A few years ago, I had two major surgeries in four months. I went from being very active to getting exhausted from walking from couch to kitchen and back. A friend of mine who has a chronic illness told me about the concept of “spoons.” Her disability means that some days she has very little energy and other days she has more. She told me to think of my energy like it was measured out in spoonfuls. Good days might be seven or eight spoons. Bad days might be two spoons. On a five-spoon day she might be able to get some work done. On a two-spoon day she knew to focus on rest.
I’ve been back to many spoons for a few years now, but the concept of assessing my energy and capacity when I am making plans has stuck with me. After my surgeries, a trip to the end of the driveway and back was as taxing as a 5k run. Which was terrible. I’m not discounting the difficulty of dealing with bad things. But pushing myself too hard or railing against Cruel Fate for my health issues wouldn’t have been super productive. I was finally able to accept that for a period of time I would have very limited physical capacity, and I got strategic about planning where I would spend that energy.
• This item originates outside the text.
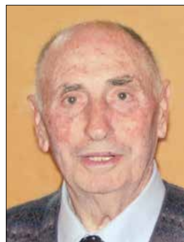
Natale Este 5° anniversario
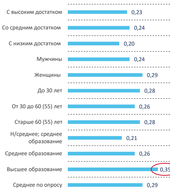
Рис. 2. Итоговый индекс участия (социально-демографический портрет)

As we’re planning for the holidays, or planning for our work goals for next year, let’s take a moment to assess what kind of emotional weight we might be carrying. Try to think of yourself with the compassion you might show a close friend. Instead of thinking “well, sure, the divorce was just final but we separated a year ago, I’m over it” try reframing that to “my divorce is final, and that’s for sure a rock. This will be the first holiday season as a single person in a while.” It’s not about judgement, should I or should I not be impacted by a thing. It’s about reality – this thing weighs on me.
How much we carry impacts how nimbly we move through additional stressors or changes. Most of the big stressors aren’t optional. We can’t just jettison pieces of our life to reduce our allostatic load. It’s more about understanding how much energy we have left to give and being realistic and strategic about where to spend that.
And a postscript reminder: when we’re figuring out where to allocate our precious spoons of emotional energy, work should not be the first item on the list. Family, friends, community, time in nature – investing energy in areas outside of work can go a long way to building the support system and resilience to carry us through whatever comes our way.